Data management API

This document describes the data management API endpoints for Apache Druid. This includes information on how to mark segments as used or unused and delete them from Druid.

Note for Coordinator’s POST and DELETE APIs

While segments may be enabled by issuing POST requests for the datasources, the Coordinator may again disable segments if they match any configured drop rules. Even if segments are enabled by these APIs, you must configure a load rule to load them onto Historical processes. If an indexing or kill task runs at the same time these APIs are invoked, the behavior is undefined. Some segments might be killed and others might be enabled. It’s also possible that all segments might be disabled, but the indexing task can still read data from those segments and succeed.

Data management - 图1info

Avoid using indexing or kill tasks and these APIs at the same time for the same datasource and time chunk.

POST /druid/coordinator/v1/datasources/{dataSourceName}

Marks as used all segments belonging to a datasource. Returns a JSON object of the form {"numChangedSegments": <number>} with the number of segments in the database whose state has been changed (that is, the segments were marked as used) as the result of this API call.

POST /druid/coordinator/v1/datasources/{dataSourceName}/segments/{segmentId}

Marks as used a segment of a datasource.
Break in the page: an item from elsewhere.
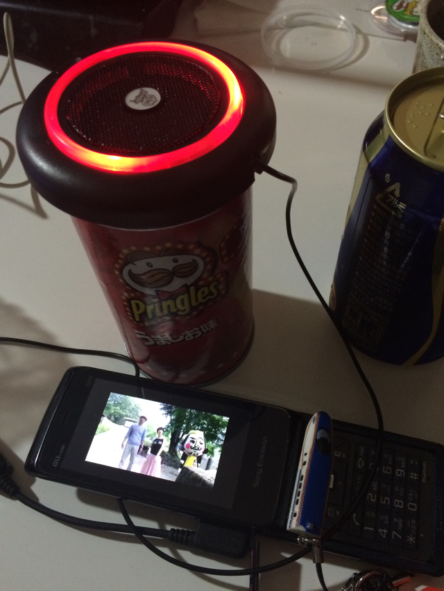 ガラケーからの音をスピーカーに通し、エンクロージャーを付けたり外したりして音の違いに聞き入る。

Returns a JSON object of the form {"segmentStateChanged": <boolean>} with the boolean indicating if the state of the segment has been changed (that is, the segment was marked as used) as the result of this API call.

POST /druid/coordinator/v1/datasources/{dataSourceName}/markUsed

POST /druid/coordinator/v1/datasources/{dataSourceName}/markUnused

Marks segments (un)used for a datasource by interval or set of segment Ids. When marking used only segments that are not overshadowed will be updated.

The request payload contains the interval or set of segment IDs to be marked unused. Either interval or segment IDs should be provided, if both or none are provided in the payload, the API would throw an error (400 BAD REQUEST).

Interval specifies the start and end times as IS0 8601 strings. interval=(start/end) where start and end both are inclusive and only the segments completely contained within the specified interval will be disabled, partially overlapping segments will not be affected.

JSON Request Payload:

KeyDescriptionExample
intervalThe interval for which to mark segments unused“2015-09-12T03:00:00.000Z/2015-09-12T05:00:00.000Z”
segmentIdsSet of segment IDs to be marked unused[“segmentId1”, “segmentId2”]

DELETE /druid/coordinator/v1/datasources/{dataSourceName}

Marks as unused all segments belonging to a datasource. Returns a JSON object of the form {"numChangedSegments": <number>} with the number of segments in the database whose state has been changed (that is, the segments were marked as unused) as the result of this API call.

DELETE /druid/coordinator/v1/datasources/{dataSourceName}/intervals/{interval} @Deprecated. /druid/coordinator/v1/datasources/{dataSourceName}?kill=true&interval={myInterval}

Runs a Kill task for a given interval and datasource.

DELETE /druid/coordinator/v1/datasources/{dataSourceName}/segments/{segmentId}

Marks as unused a segment of a datasource. Returns a JSON object of the form {"segmentStateChanged": <boolean>} with the boolean indicating if the state of the segment has been changed (that is, the segment was marked as unused) as the result of this API call.